Gold set for weekly fall as Europe readies to ease lockdowns

Industrial metals declined again after gloomy economic data, including deepening US job losses and plunging personal spending data

GOLD headed for its largest weekly decline in seven weeks as European nations, including the UK, offered cautious signals that they've passed through the peak of the novel coronavirus outbreak and as US cases rose at the slowest pace this month.

UK Prime Minister Boris Johnson said the country was through the worst of the virus and pledged to deliver plans to lift the lockdown, while Italy, France and Germany all also outlined proposals to gradually ease restrictions.

The European Central Bank stepped up its response to the novel coronavirus crisis by cutting funding costs for banks, but refrained from boosting its bond-buying programme.

"Demand for safe haven assets took a further dive" after Mr Johnson's virus comments on Thursday in the UK, Australia & New Zealand Banking Group Ltd economist Kishti Sen said on Friday in a note.
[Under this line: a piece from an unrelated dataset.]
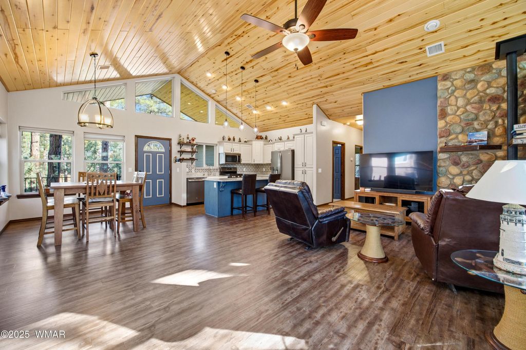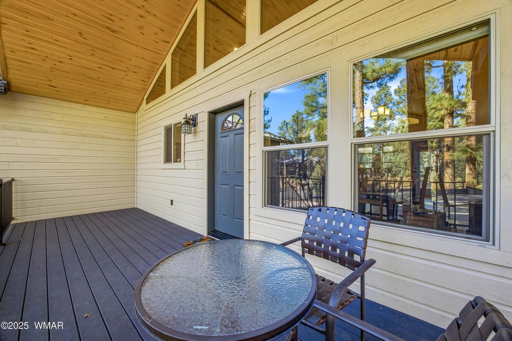 Tucked away in a quiet cul-de-sac surrounded by towering pines, this beautiful 2BD/2BA home blends rustic charm with modern comfort. Enjoy granite countertops, custom Harman knotty oak cabinets, Aspen T&G ceilings, and a cozy porcelain Harman pellet stove. The well-designed kitchen features a gas range and a gorgeous porcelain farmhouse sink. Laminate and tile flooring offer easy care throughout. The extra-tall 2-car garage and bonus storage space below provide plenty of room for all your gear. Relax on the front or back Trex decks with metal railings"”both perfect for soaking in the mountain air. Recent upgrades include a black chain-link fenced back yard, a new gate on the front deck, and fresh exterior paint (June 2025). Peaceful, private, and move-in ready"”this mountain retreat is ideal for full-time living or a seasonal getaway!

Asian trading was limited on Friday, with much of the region out on holidays.

Spot gold was steady at US$1,687.29 an ounce as at 12.07 pm on Friday in Sydney, after falling 1.6 per cent on Thursday.

The metal was headed for its biggest weekly decline since March 13.

In other precious metals, silver rose 0.2 per cent, while platinum and palladium were both lower. Industrial metals declined for a second day after gloomy economic data, including deepening job losses in the US, and plunging US personal spending data.

Initial jobless claims in the US totalled 3.84 million in the week ended April 25, sending the six-week total above 30 million.

Copper on the London Metal Exchange slipped as much as 1.6 per cent to US$5,105 a tonne after a 1.4 per cent decline on Thursday. Aluminium in London was 0.6 per cent lower. There's concern over the impact for base metals from weaker overseas demand for China's exports, while aluminium also is contending with rising stockpiles and sluggish demand, ANZ's Mr Sen said.

Earlier on Thursday, gold futures were down for a fifth straight session after European Central Bank (ECB) moves to stem the impact of the novel coronavirus weren't as aggressive as some traders had anticipated. The metal still posted its best month since August.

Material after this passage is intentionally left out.